Material provided.
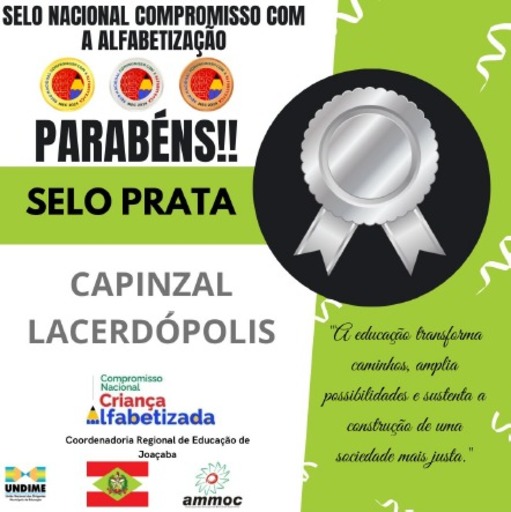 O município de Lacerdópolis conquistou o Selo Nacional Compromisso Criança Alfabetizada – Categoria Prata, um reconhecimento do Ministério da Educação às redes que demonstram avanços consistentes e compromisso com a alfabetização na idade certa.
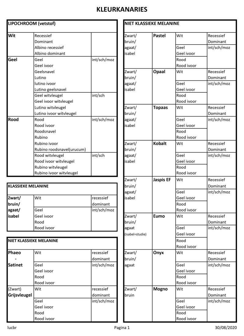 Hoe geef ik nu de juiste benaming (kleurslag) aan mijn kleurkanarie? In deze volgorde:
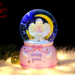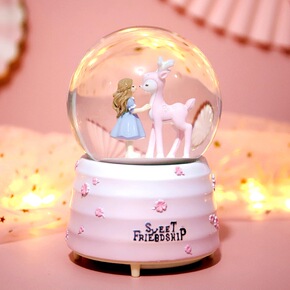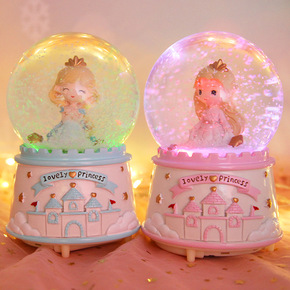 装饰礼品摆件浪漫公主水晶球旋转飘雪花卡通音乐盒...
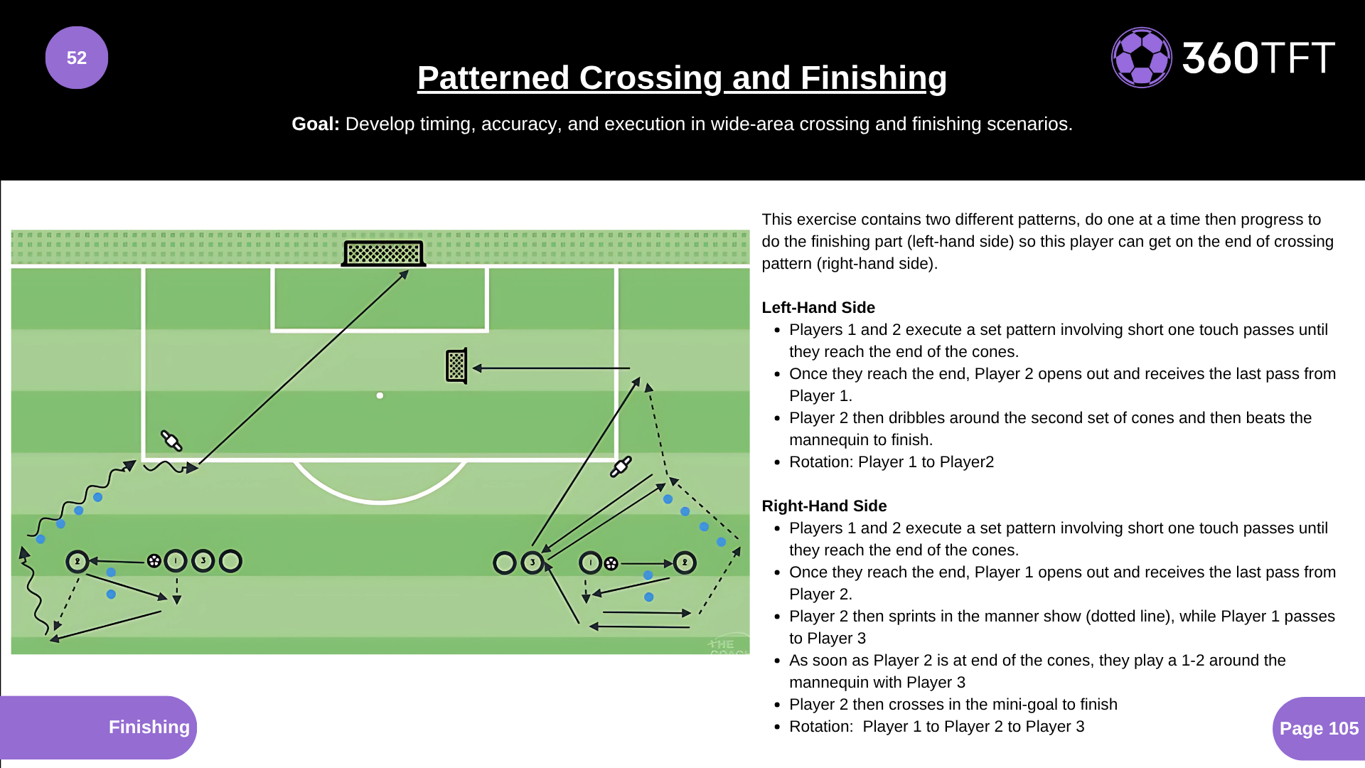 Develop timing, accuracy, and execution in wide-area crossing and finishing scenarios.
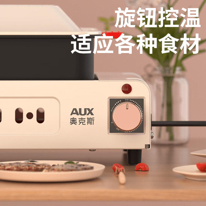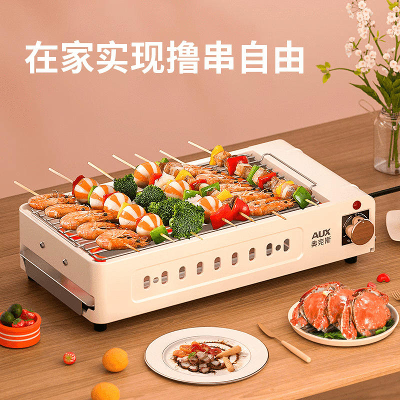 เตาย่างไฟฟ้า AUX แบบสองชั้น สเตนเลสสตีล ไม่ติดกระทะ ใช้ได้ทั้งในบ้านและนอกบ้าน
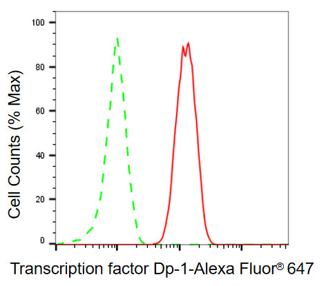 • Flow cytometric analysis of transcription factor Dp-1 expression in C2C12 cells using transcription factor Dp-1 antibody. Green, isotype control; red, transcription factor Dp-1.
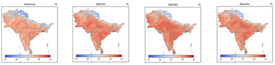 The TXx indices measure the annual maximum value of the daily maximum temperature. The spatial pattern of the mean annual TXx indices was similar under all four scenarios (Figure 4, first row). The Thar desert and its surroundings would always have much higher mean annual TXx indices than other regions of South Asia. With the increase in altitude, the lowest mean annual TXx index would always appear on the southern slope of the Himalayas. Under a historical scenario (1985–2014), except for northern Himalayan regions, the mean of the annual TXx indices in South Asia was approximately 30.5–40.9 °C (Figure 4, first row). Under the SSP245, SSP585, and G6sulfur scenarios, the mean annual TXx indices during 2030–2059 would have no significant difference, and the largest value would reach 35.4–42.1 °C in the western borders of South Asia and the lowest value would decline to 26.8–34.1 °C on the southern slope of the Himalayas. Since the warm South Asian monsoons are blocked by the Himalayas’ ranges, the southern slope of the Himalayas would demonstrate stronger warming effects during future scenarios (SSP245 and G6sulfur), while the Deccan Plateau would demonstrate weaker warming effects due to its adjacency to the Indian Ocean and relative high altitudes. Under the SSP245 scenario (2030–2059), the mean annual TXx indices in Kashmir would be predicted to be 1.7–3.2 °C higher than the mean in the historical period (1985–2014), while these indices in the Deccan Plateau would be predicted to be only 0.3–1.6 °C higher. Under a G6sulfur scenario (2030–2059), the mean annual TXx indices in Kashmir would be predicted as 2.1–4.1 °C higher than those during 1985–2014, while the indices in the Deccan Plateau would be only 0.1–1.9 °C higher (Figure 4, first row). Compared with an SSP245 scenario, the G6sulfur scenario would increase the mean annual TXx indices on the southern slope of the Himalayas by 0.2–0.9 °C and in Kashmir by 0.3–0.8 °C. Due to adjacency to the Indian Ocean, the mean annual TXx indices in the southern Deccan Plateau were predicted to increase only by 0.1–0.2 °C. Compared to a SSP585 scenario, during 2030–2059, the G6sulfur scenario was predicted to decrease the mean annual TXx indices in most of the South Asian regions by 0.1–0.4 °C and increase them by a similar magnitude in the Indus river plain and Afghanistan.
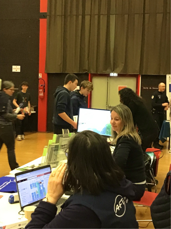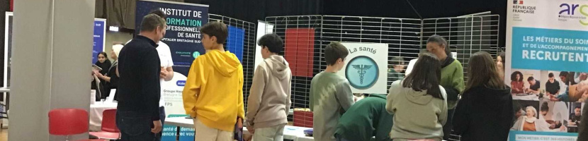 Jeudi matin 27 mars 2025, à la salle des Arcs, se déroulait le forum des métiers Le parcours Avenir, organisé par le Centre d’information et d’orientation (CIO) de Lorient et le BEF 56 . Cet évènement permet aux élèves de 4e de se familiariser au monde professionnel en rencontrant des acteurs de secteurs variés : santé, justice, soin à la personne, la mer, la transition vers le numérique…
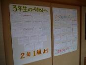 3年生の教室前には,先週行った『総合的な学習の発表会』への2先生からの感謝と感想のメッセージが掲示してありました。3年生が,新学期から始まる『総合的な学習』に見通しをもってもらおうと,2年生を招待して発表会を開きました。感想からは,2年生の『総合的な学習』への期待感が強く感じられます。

Exercise description.
Reproduce exactly, with no pictures, the lines above from the one holding "เตาย่างไฟฟ้า AUX แบบสองชั้น" to the one holding "transcription factor Dp-1.", inclusive.

Response to the exercise.
 เตาย่างไฟฟ้า AUX แบบสองชั้น สเตนเลสสตีล ไม่ติดกระทะ ใช้ได้ทั้งในบ้านและนอกบ้าน
 • Flow cytometric analysis of transcription factor Dp-1 expression in C2C12 cells using transcription factor Dp-1 antibody. Green, isotype control; red, transcription factor Dp-1.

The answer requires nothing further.